今回は、犬の筋肉についてのお話です。中でも、シニア期に差し掛かった愛犬、また、老犬と呼ばれる時期に大切な「筋肉をつける食事」についてフォーカスします。

筋肉隆々、細マッチョ、ガッチリ体型などと呼ばれていた愛犬も、年齢を重ねるにつれ、その筋肉量はだんだんと少なくなってくるもの。老犬とは呼びたくないし、そんな風には思ってもいないけれど、知らず知らずのうちに忍び寄る老いを考え、健康なうちからその準備をする必要があります。

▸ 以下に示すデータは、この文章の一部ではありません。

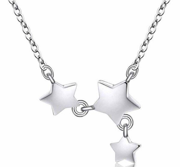 925 Sterling Silver Plated Shooting Stars Necklace Choker Crystal 40cm + 5cm + Gift Bag
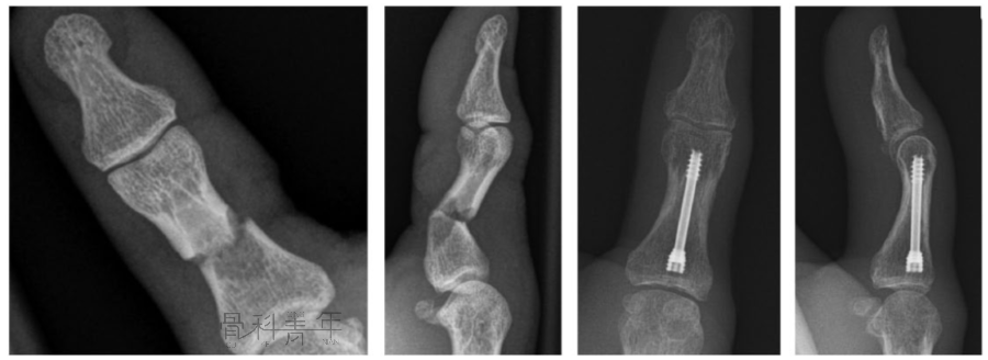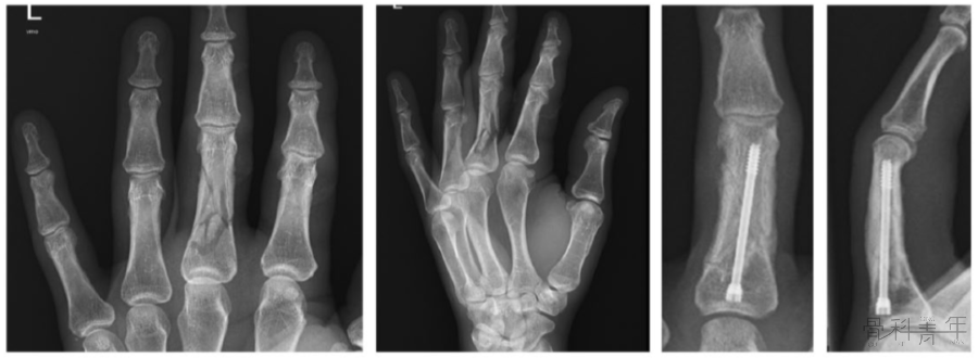 图8 近节指骨粉碎骨折的单枚螺钉固定。

特に気を付けたいのが、シニア世代の筋肉の衰えについて。老犬は、若い時代とは違って、ガンガン運動をして…というわけにはいきません。良質な栄養を基本とした日々の管理が大切です。では、その内容はどんなものかを、見ていきましょう。

人と犬、筋肉の話

筋肉をつける食事、について触れる前に、まずは、人と犬の筋肉の付き方についてお話しをします。人と犬の筋肉の付き方は良く似ており、その構造や役目があまり変わらないとしてよく知られています。しかし、人が直立二足歩行をしているのに対し、犬は四足歩行(しそくほこう)ですから、力を入れるバランスに違いがあります。

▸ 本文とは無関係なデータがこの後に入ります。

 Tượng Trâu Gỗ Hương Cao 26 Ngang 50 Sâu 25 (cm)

直立二足歩行により、両腕が自由に動くようになった私たち人は、上方向に腕を持ち上げるための、僧帽筋(そうぼうきん)や三角筋(さんかくきん)などが発達しています。対して犬は四足歩行ですから、上体を支えるための胸筋(きょうきん)や、長距離を走るために必要な、広背筋(こうはいきん)や臀筋(でんきん)などが発達しました。大きく違うのはそうした部分で、他はそんなに違いがありませんから、犬の筋肉を考える時には、おおまかには、私たち人と同じようなイメージを持つと分かりやすいでしょう。

筋肉の役目

次に、筋肉の持つ役割について見てまいります。

1.体温を調節する

寒さを感じると、犬もブルブルと体をふるわせます。これは、筋肉による体温調節機能で、脳からの指令によるものです。筋肉をふるわせて血管の収縮を行うことにより、熱エネルギーを作って、体温そのものを上げています。

2.血液を循環させる

ふくらはぎの筋肉は、下腿三頭筋(俗にひらめ筋とも呼ばれていますね)といい、第二の心臓として有名です。この筋肉のように、筋肉を縮ませることで血管を圧迫し、血液を押し上げて心臓に血液を送るといった、まるでポンプのようなはたらきをしています。

3.骨を強くする

骨と筋肉の関係はあまり知られていませんが、実はお互いに密接な関係にあります。これまでの研究により、運動で骨に負荷がかかると、弱マイナスの電気が発生し、カルシウムを呼び寄せることが分かっています。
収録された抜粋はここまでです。